On the second question regarding the degree of homogeneity of strategies, it seems fair to say that given the constraints faced by corporations, there is quite some heterogeneity along at least three dimensions:
- Credit quality, or more aptly the share of corporate bonds in the portfolio relative to risk-free assets like Treasuries or Agencies. Within the corporate category, almost all acquisitions are based in the upper IG segment.
- Maturity distribution of the portfolio, where the spectrum extends from companies which act like extended MMFs with WAMs at ~0.7 y to others which come closer to short- to medium-term bond funds with WAMs between 2-3ys.
- Duration-adjusted turnover, as an indicator of the degree to which new bond purchases reflect discretionary trading as opposed to the rollover of matured bonds. Based on a given maturity distribution of assets, it is possible to estimate the annual rollover amount and compare this to the actual new purchases (adjusted for growth of the portfolio). Any purchases above this minimum can be ascribed to discretionary trading, either to adjust duration exposure during the year or modify the credit exposure taken. Public data is not quite sufficient to calculate this measure for all companies; those available range from 1 (implying actual purchases exactly match predictions based on estimated rollovers) up to ~2 implying gross new purchases (adjusted for growth of portfolios) can be equally split into rollovers and discretionary trading.
Not to belabor this point too much, but the companies with the two largest overseas portfolios, Apple and Microsoft, are on the opposite side of each of the three categories so that a few words on each may elucidate the issue.
Microsoft’s securities portfolio likely exhibits the highest credit quality of all corporations; it is composed almost exclusively of Treasury and Agency bonds. Equally, it is one of the portfolios with the shortest durations, with a WAM historically below/around 1y.
During 2016, Microsoft began to lengthen the duration of its portfolio by letting its inventory of shorter term bonds roll off and focus new allocations more on the 2y and 3y auctions, which increased its portfolio WAM by an estimated 0.5 year.
On the turnover front, Microsoft rolls over its portfolio about once a year, which lines up with its relatively short duration stance as well as with the nature of the Treasury market, which due to its efficiency makes it difficult to create additional returns by buying and selling similar bonds during the year.
Importantly, and generalizable across most companies, Microsoft actually sells the majority of its bonds held prior to maturity. The most coherent reason, especially in Microsoft’s case, for such behavior is that as safe assets come reasonable close to maturity, a new set of buyers composed of MMFs and other cash investors enters the market and compresses relative yield levels, enabling institutions with slightly longer time horizons to sell such ultra-short duration holdings prematurely and reallocate further out the curve. Mutual funds usually begin to source the secondary market for off-the run issues at the 6m mark and increase their purchases at the 3m mark, enabling Microsoft and others to sell into such demand.

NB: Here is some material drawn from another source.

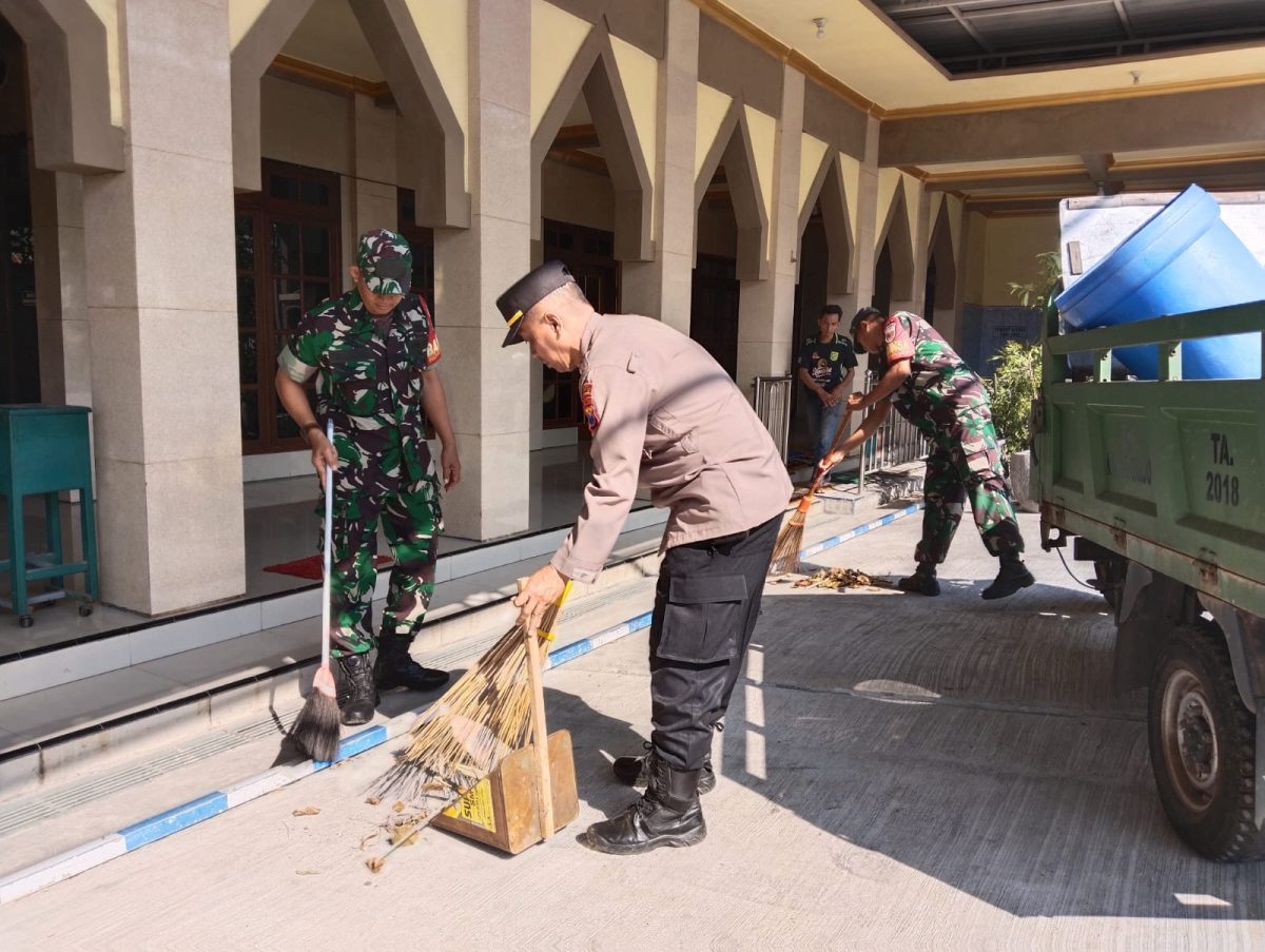 Sinergitas tiga pilar turun langsung peduli kebersihan dan kenyamanan masyarakat dalam ibadah, dilakukan personel Polsek Krembung, Koramil Krembung bersama perangkat desa setempat.

Apple’s portfolio in contrast contains the highest nominal amount of corporate risk (~$175bn in 2016) and also ranks amongst the highest on a relative basis with more than 66% of its owned assets issued by corporate entities. Apple presents its liquid savings in three segments: cash and cash equivalents, short-term securities (which together account for 30% of its liquid assets) and long-term marketable securities, which make up the remaining 70% and represent the largest portion of the actual bond portfolio.

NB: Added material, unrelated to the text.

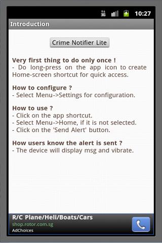 The Crime Notifier Lite allows you to protect from negative influence. Wherever you are, may be you are travelling, walking on the street, in the club, or even alone at home, if you feel that you are under negative influence, then this application will help to safe you.

In this segment, Apple, like Microsoft, gradually extended the duration of its portfolio, started however with a much longer duration profile already, increasing its WAM from 2y in 2011 (and seemingly lower in prior years) to around 3y at the end of 2016.
In terms of turnover, during the past year, 75% of gross purchases can be explained by growth in assets or replacements of bonds which matured; the remainder is attributable to discretionary purchases and sales. This 75% figure represents a rise during the past one and half years, before which values were closer, and sometimes below 50%, implying considerable discretionary amounts of trades by its Nevada based subsidiary.
One explanation for such turnover could be that Apple acts as a truly active corporate bond investor, researching individual credits and actively shifting its portfolio to align with the formed views as well as current market pricing. The more probable explanation however is the collection of new issuance concessions, which remains the safest way to exceed passive benchmark returns by a few basis points each year. In such a model, Apple would acquire a newly issued corporate bond with a concession of somewhere between 5 and 15 bps, depending on market conditions, and then try to sell this bond during the year in the secondary market, preferable with minimal transaction costs, to then repeat the process with the freed up funds. This explanation also holds clues why Apple has pulled back on this activity in recent years: It seems it has outgrown its target market. Even defining the market in which Apple could run the above strategy broadly (say corporate bonds with maturities between 1-5y and ratings from single A and above), there is only new issuance in this segment of somewhere between $250 bn and $300 bn per year, so that if Apple had continued at 2012-2014 turnover levels with its now much increased asset base, it would have required primary allocations north of 30% on each new issue – something even Apple seems unlikely to be able to achieve. Lower new issuance concessions in the current environment obviously do not help either.
Most of the observations made regarding Apple and Microsoft apply to the entire universe of companies with excess overseas liquidity.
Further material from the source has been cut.